Example 5-1. Collagen Synthesis-Promoting Effect

[0170] In order to confirm the collagen synthesis promoting effect of the citrus peel extracts, the amount of additional collagen production was measured after the extracts were untreated, steamed for 30 minutes, or steamed for 8 hours. In order to culture human dermal fibroblasts, a mixture of DMEM and FBS was used as a basic medium, and the skin fibroblasts were seeded into a 48-well plate at a concentration of 2 to 5×10.sup.4 cells/mL and cultured for 24 hours. The medium was removed, and the DMSO lysate of each extract was treated in serum-free medium so that the concentration was 100 ppm, and cultured for 24 hours. A positive control that promotes collagen synthesis was treated with TGF-β to a concentration of 5 ppb. The cell culture solution was taken and the synthesized collagen was measured using the Human procollagen 1α1 duoset ELISA Kit (R&D Systems) and ELISA reader. A calibration curve was prepared by measuring the isolated and purified collagen at concentrations of 0.25, 0.5, 1, 2, 4, and 8 ng/mL, and based on the results, the amount of collagen (Type I collagen) produced in the DMSO lysate of the citrus peel extracts was calculated. The amount of collagen produced compared to the control group (DMSO) was calculated as collagen production rate (%), and the average value was calculated after the experiment was performed three times (Table 14).

TABLE-US-00014 TABLE 14 Additional Collagen Steamed for Steamed for Production Rate (%) Untreated 30 minutes 8 hours TGF-β 25.2% (Positive control) Satsuma mandarin 19.5% 18.7% 27.9% Yuzu 13.7% 14.2% 18.1% Orange 5.1% 5.0% 6.6% Bitter orange 12.8% 13.6% 17.4% Grapefruit 7.3% 6.5% 9.3% Lemon −1.0% −1.5% 2.6% Lime 0.5% 2.1% 5.2%

[0171] As a result, as shown in Table 14, it was confirmed that the amount of collagen produced when steamed for 8 hours was superior compared to when untreated and steamed for 30 minutes.

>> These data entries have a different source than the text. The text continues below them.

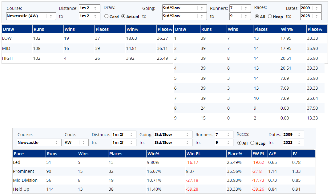 ...but that looks to be an anomaly and I'm fairly sure that the draw won't make or break the chances of a horse that has to run over 3500 yards after the gates open, so I wouldn't necessarily be ruling Bobby Shaftoe out right now, but I'd want him to race as prominently as he could from that lowest draw, if these pace stats are anything to go by...
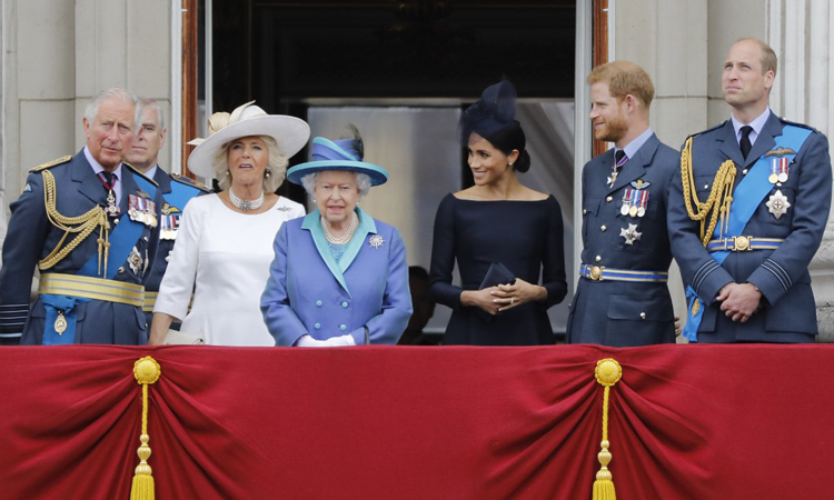Công nương Meghan (thứ ba từ phải sang) cùng các thành viên Hoàng gia Anh tại Điện Buckingham hồi tháng 7/2018. Ảnh: AFP.
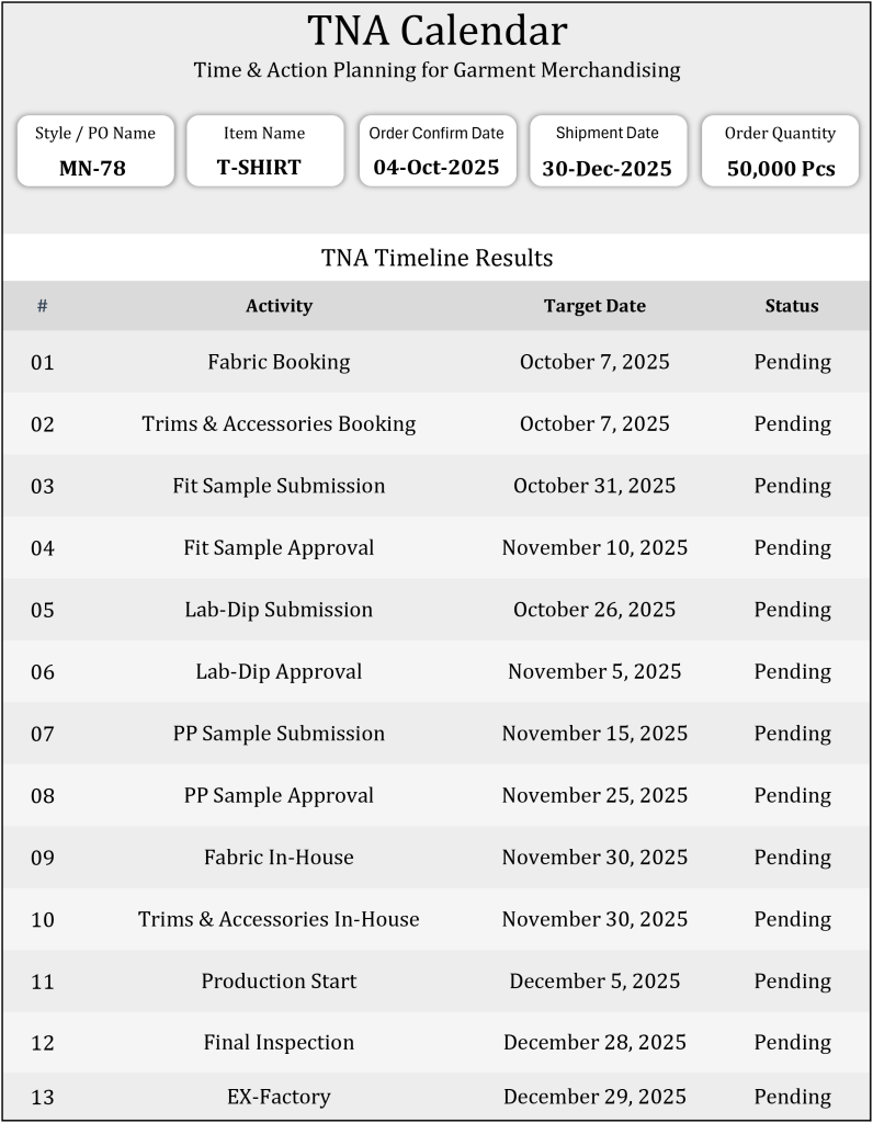From fabric booking, lab dips, sample approvals, production planning, to shipment — everything is listed in the TNA. It clearly shows what needs to be done, who is responsible, and by when.
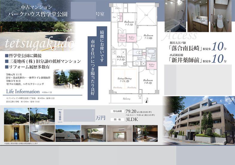 公園に隣接していることもポイントのため、左上には公園の写真を大きく使用しました。
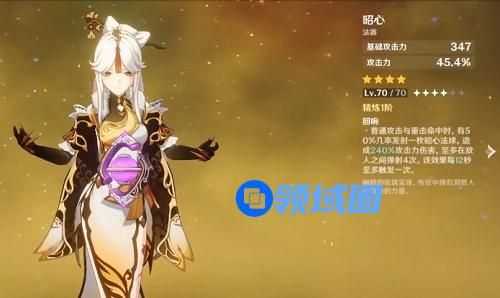 1.原神昭心是一款品质为四星紫色的法器装备。属性上,通过昭心可以获得一定数值的攻击力与基础攻击力。
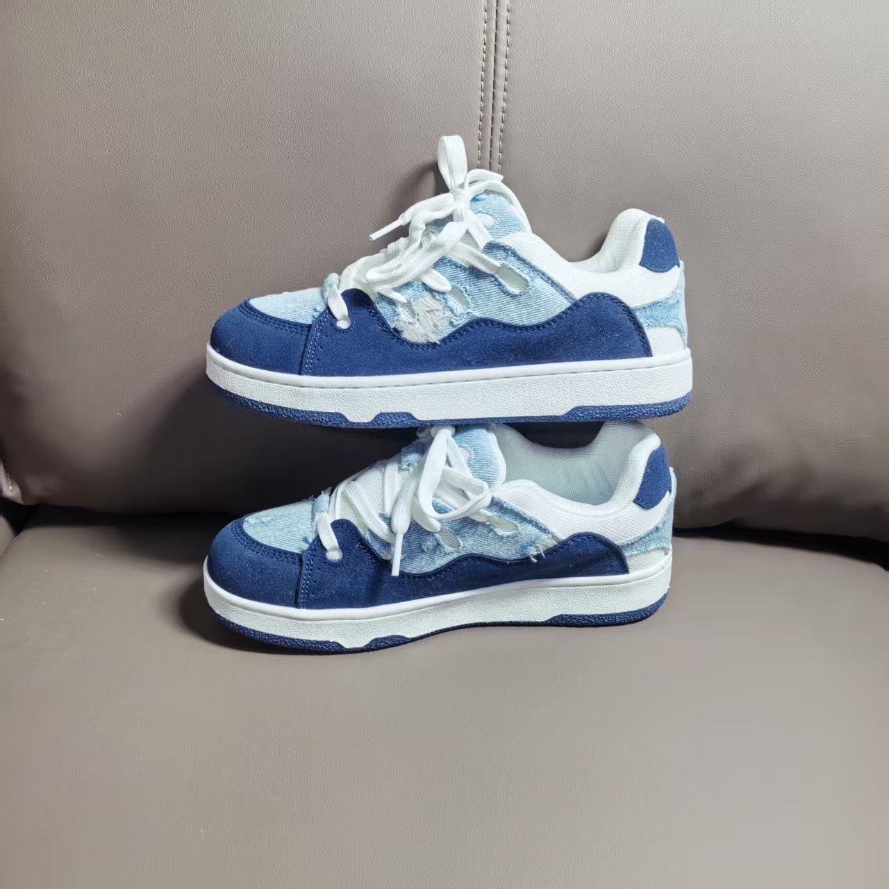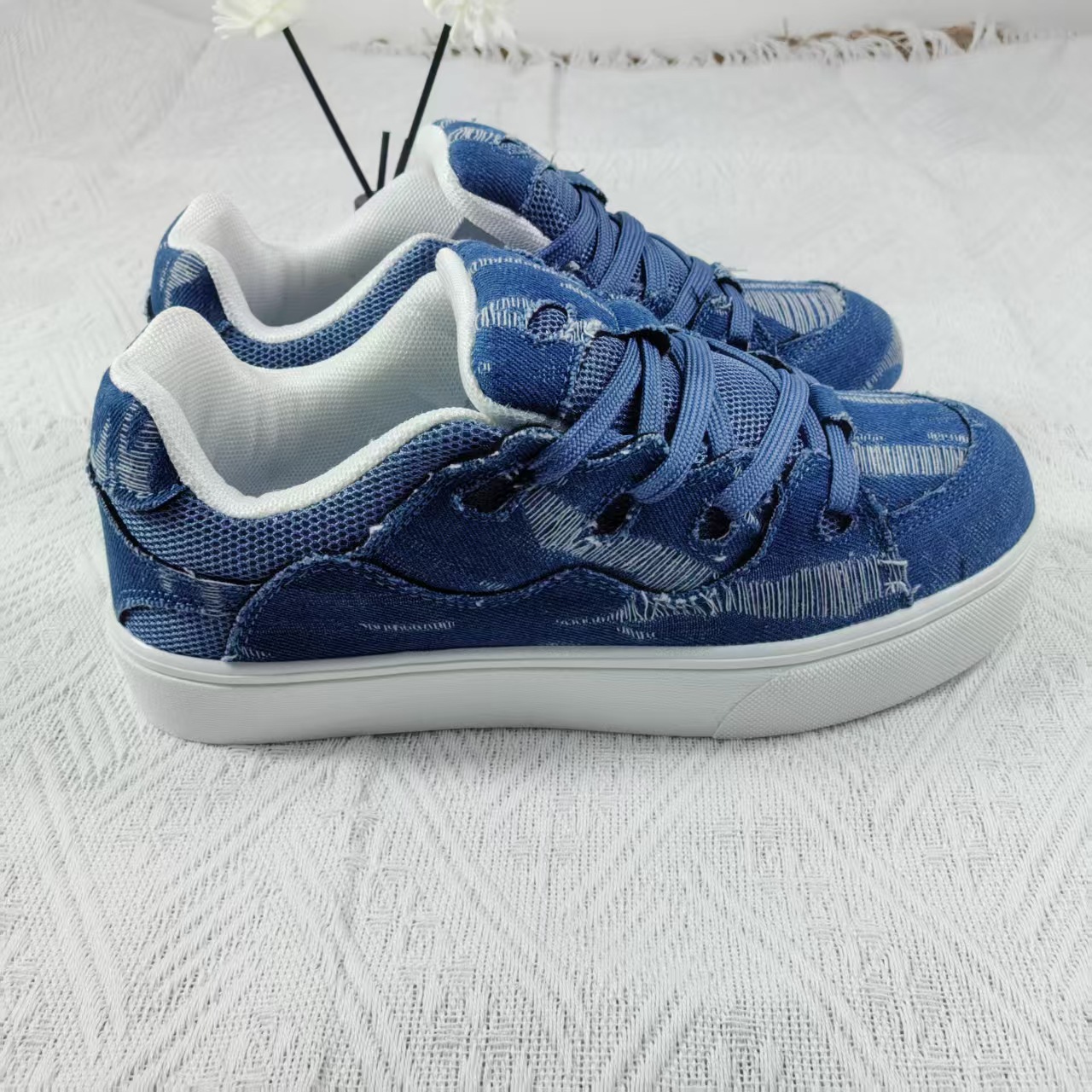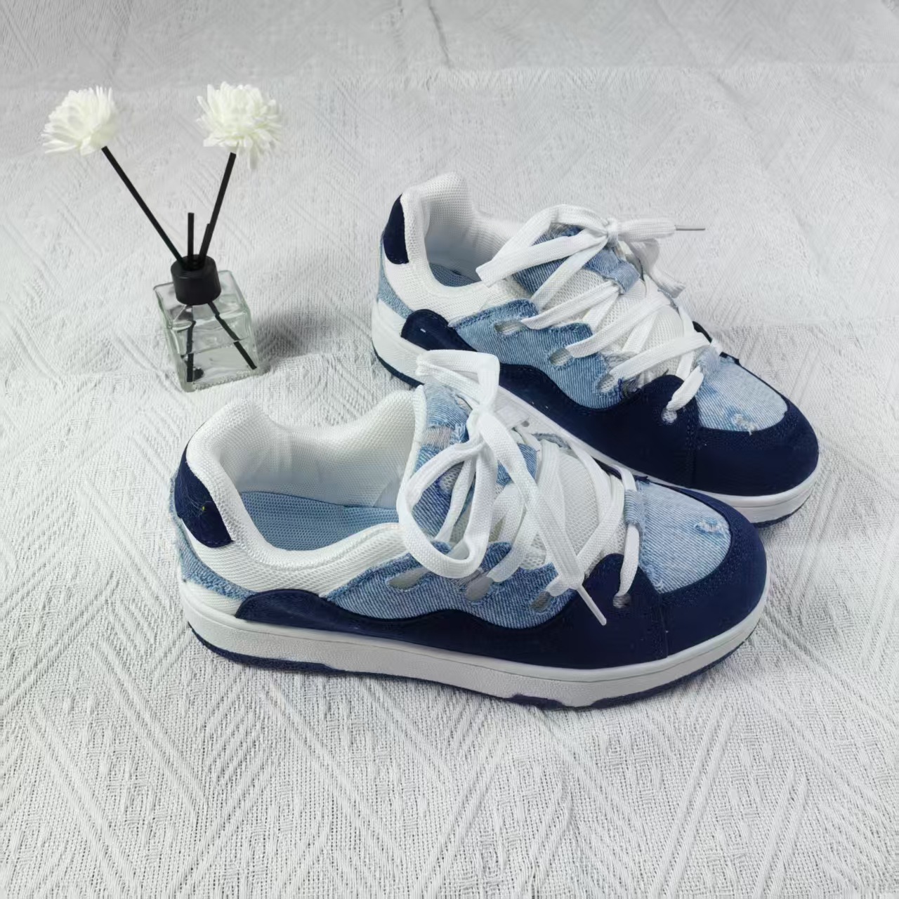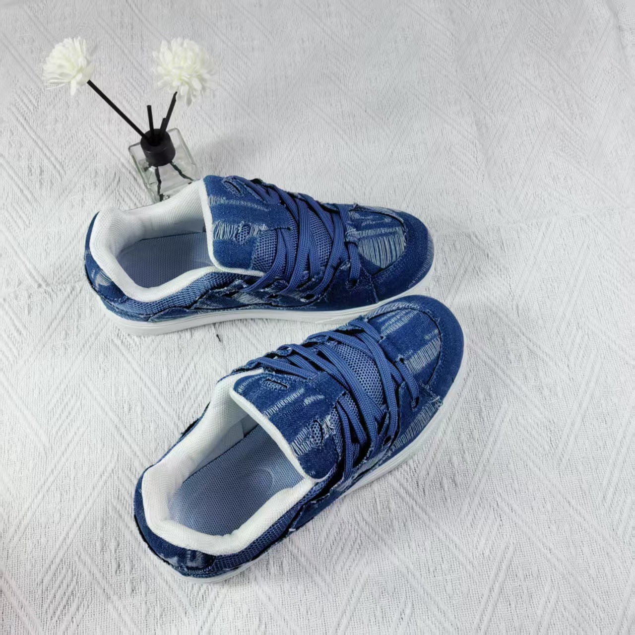 小衆レジャー板靴男2025新型夏通気薄いデニムの青い靴が低いです。

Example 5-2. Collagen Synthesis-Promoting Effect According to Components and Concentration of Citrus Peel

[0172] In order to identify the cause of the change in collagen synthesis promoting efficacy among the steamed citrus peel extract components, the amount of additional collagen production of hesperidin, a flavonoid glycone, and hesperetin, a flavonoid aglycone, was compared (Table 15).

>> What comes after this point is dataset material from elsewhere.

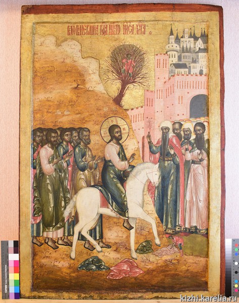 История праздника через икону Вход Господень в Иерусалим (перв. четв. XVIII в.) из праздничного ряда церкви Преображения на острове Кижи.
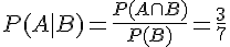Donc, je passe au calcul pur, et je nomme A="Il y a 2 garçons parmis les trois enfants", et B="Il y a au moins une fille parmis les trois enfants".

TABLE-US-00015 TABLE 15 Additional Collagen Production Rate (%) Hesperidin Hesperetin TGF-β 23.7% (Positive control) 0.1 ppm −0.2% 17.0% 1 ppm 0.2% 16.8%

[0173] As a result, as shown in Table 15, unlike hesperidin, the collage production was significantly increased in hesperetin at lower concentrations (0.1 ppm, 1 ppm). Accordingly, it was confirmed that the flavonoid aglycones produced in the steamed citrus peel extracts may be the cause of the increase in collagen synthesis promoting efficacy.

[0174] From the foregoing, a skilled person in the art to which the present invention pertains will be able to understand that the present invention may be embodied in other specific forms without modifying the technical concepts or essential characteristics of the present invention. In this regard, the exemplary embodiments disclosed herein are only for illustrative purposes and should not be construed as limiting the scope of the present invention. On the contrary, the present invention is intended to cover not only the exemplary embodiments but also various alternatives, modifications, equivalents, and other embodiments that may be included within the spirit and scope of the present invention as defined by the appended claims.